La CADHP devrait adopter une résolution rappelant aux Etats africains leur obligation de juger les auteurs des crimes les plus graves et les exhortant à continuer d’être présent en masse au sein de la CPI pour peser de tout leurs poids pour que les crimes commis sur les autres continents soient jugés par la CPI comme ceux des africains.

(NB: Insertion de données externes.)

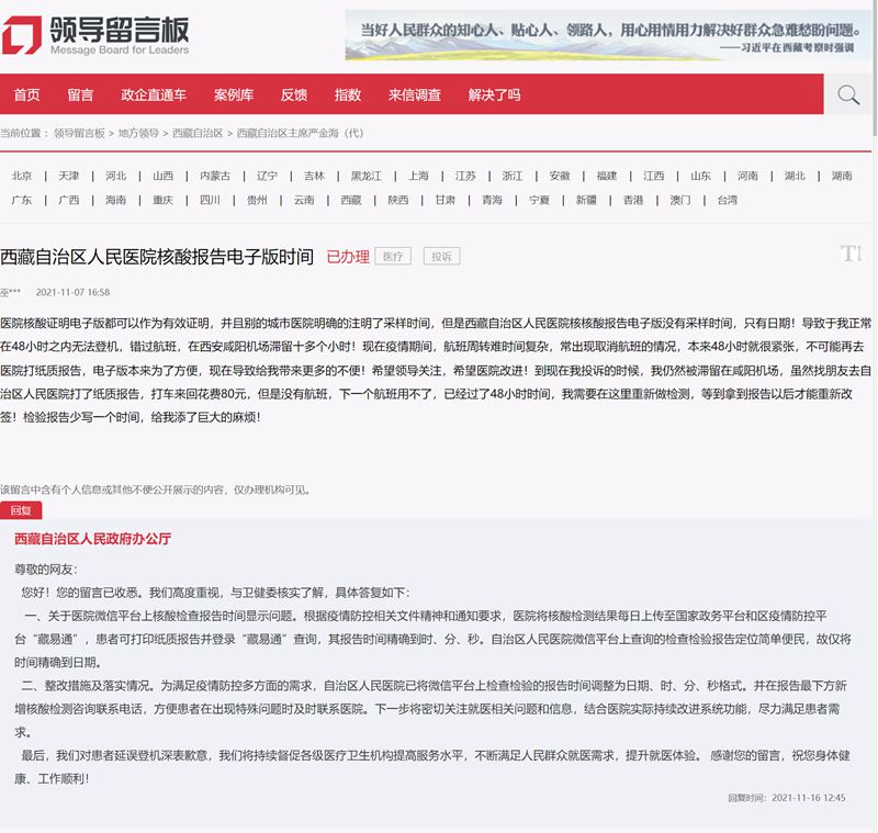 “醫(yī)院核酸證明電子版都可以作為有效證明,但是西藏自治區(qū)人民醫(yī)院的核酸檢測報告電子版沒有標注具體采樣時間,只有日期,導(dǎo)致我在48小時之內(nèi)無法登機,錯過航班……現(xiàn)在疫情期間,航班周轉(zhuǎn)難、時間復(fù)雜……電子版本來是為了方便,現(xiàn)在卻給我?guī)砀嗖槐恪边@是11月7日,西藏網(wǎng)民通過人民網(wǎng)“領(lǐng)導(dǎo)留言板”反映的問題。據(jù)悉,該網(wǎng)民因一張核酸檢測報告被滯留機場,耽誤行程,給日常出行造成了不便。

Autres priorités de la FIDH lors de la 59ème Session ordinaire de la CADHP
Cette session de la Commission s’inscrit dans le cadre de l’ « Année africaine des droits de l’Homme avec un accent particulier sur les droits des femmes ». La FIDH publie à cette occasion deux notes de position, l’une sur la situation des femmes et l’autre sur la situation des réfugiés, demandeurs d’asile, personnes déplacées et migrants en Afrique. Elle formule également des recommandations pour que les États transforment leurs engagements en progrès concrets. La FIDH mènera également des actions de plaidoyer en faveur de l’abolition de la peine de mort et de l’adoption, par l’Union africaine, d’un Protocole à la Charte africaine portant abolition de la peine de mort ; de l’organisation de processus électoraux réguliers, crédibles et sécurisés en Afrique ; de même que sur les situations des droits humains en Côte d’Ivoire, pays sous examen lors de cette session, en Guinée-Conakry, au Soudan du Sud, au Burundi et en République démocratique du Congo.